Евгений прервал рассказ, стал пить воду из стакана. В комнате повисла ледяная тишина, ее нарушил голос Павла:
– Ну бабулек, ты ваще супер! Правильно поступила! О себе в первую очередь думать надо.
Зинаида Львовна встала.
– Я больше не собираюсь…
– Мама, лучше сядь, – скомандовал Илья.
– Как ты со мной разговариваешь! – возмутилась Зинаида.
– Спокойно и доходчиво, – хмыкнул сын, – совет даю: останься. Если уйдешь, разговор не прекратится, ты не сможешь в нем участвовать. Оболгут тебя, наметут мусора, а ты не скажешь правды, потому что уйдешь.

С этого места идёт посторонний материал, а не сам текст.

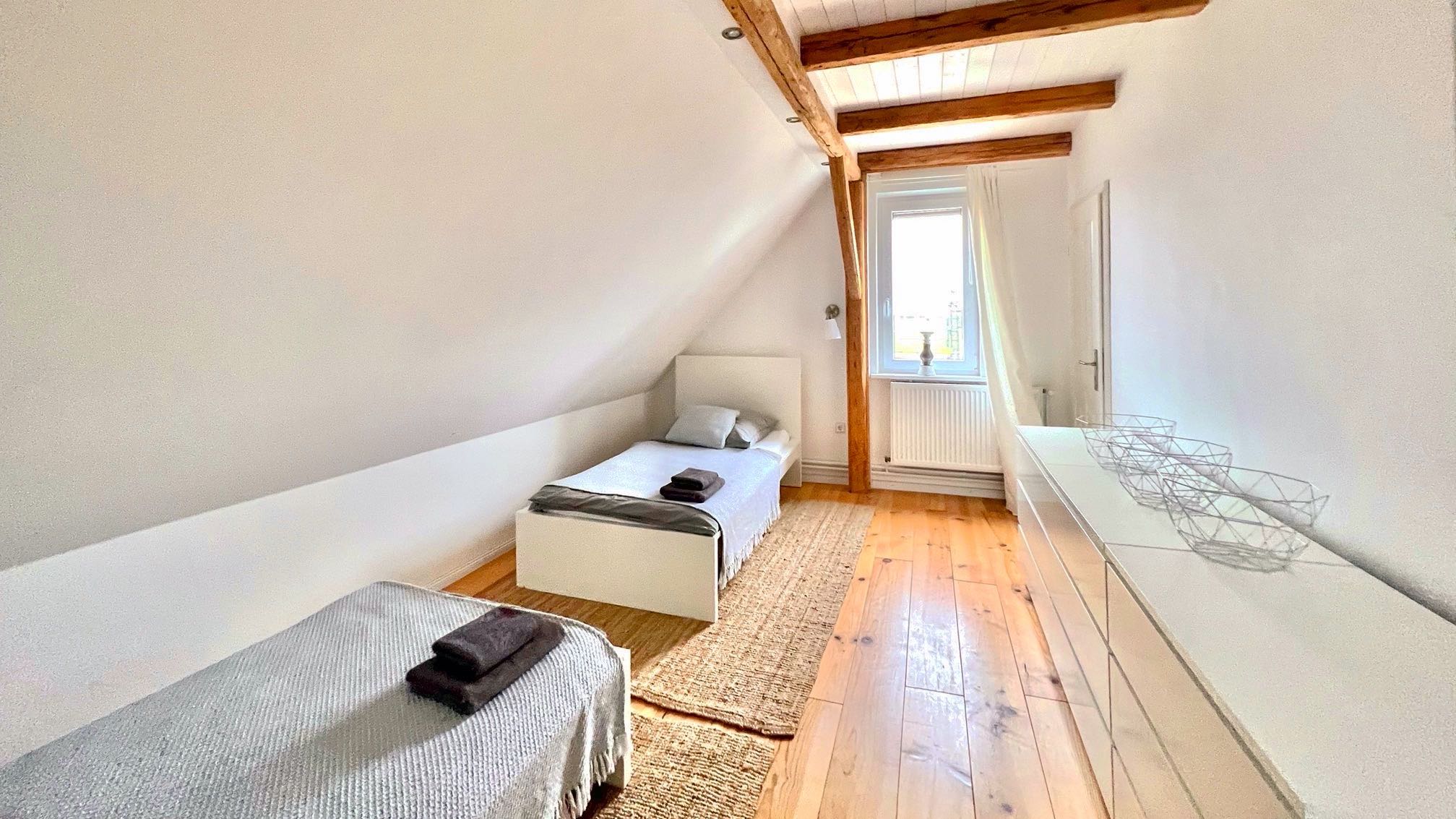 Schlafzimmer unten: Zwei Einzelbetten (90×200)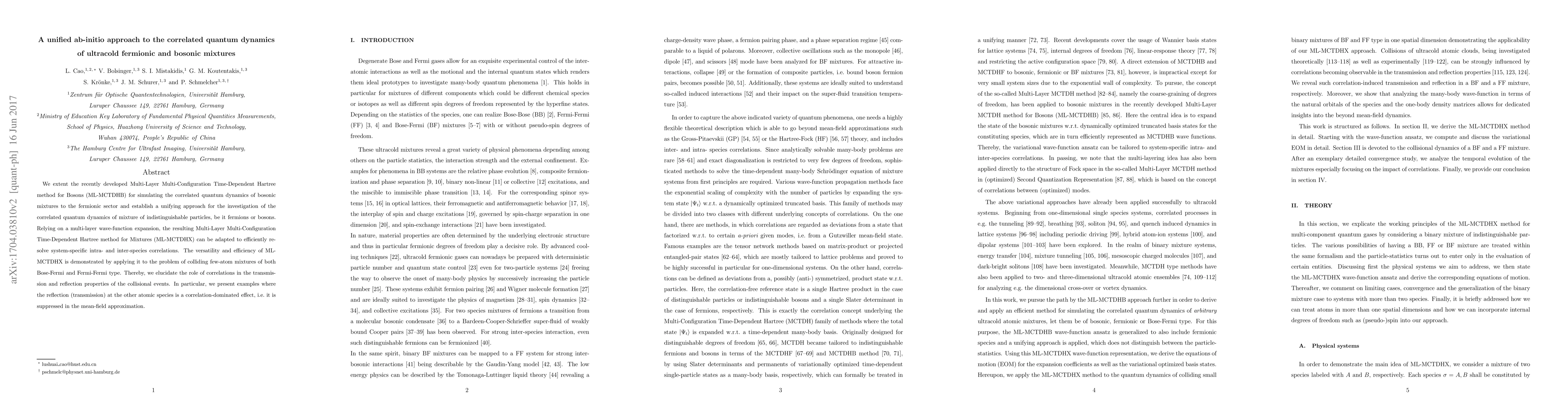 This paper introduces a unified approach to simulate correlated quantum dynamics of fermionic and bosonic mixtures using a new method called Multi-Layer Multi-Configuration Time-Dependent Hartree for Mixtures (ML-MCTDHX). It demonstrates the role of correlations in transmission and reflection properties of collisional events.

Комарова молча пошла к двери.
– Если ты покинешь кабинет, я не стану давать тебе денег, живи на одну пенсию в городской квартире, сама за нее плати, – отрезал сын.
Мать остановилась.
– Ты отвратителен! Шантажист!
Илья молчал. Зинаида вернулась и села в кресло.
Евгений кивнул:
– Аргумент про деньги с Зинаидой всегда срабатывает. В общем, в тот же день она беседу завершила словами: «Я беременна, четвертый месяц».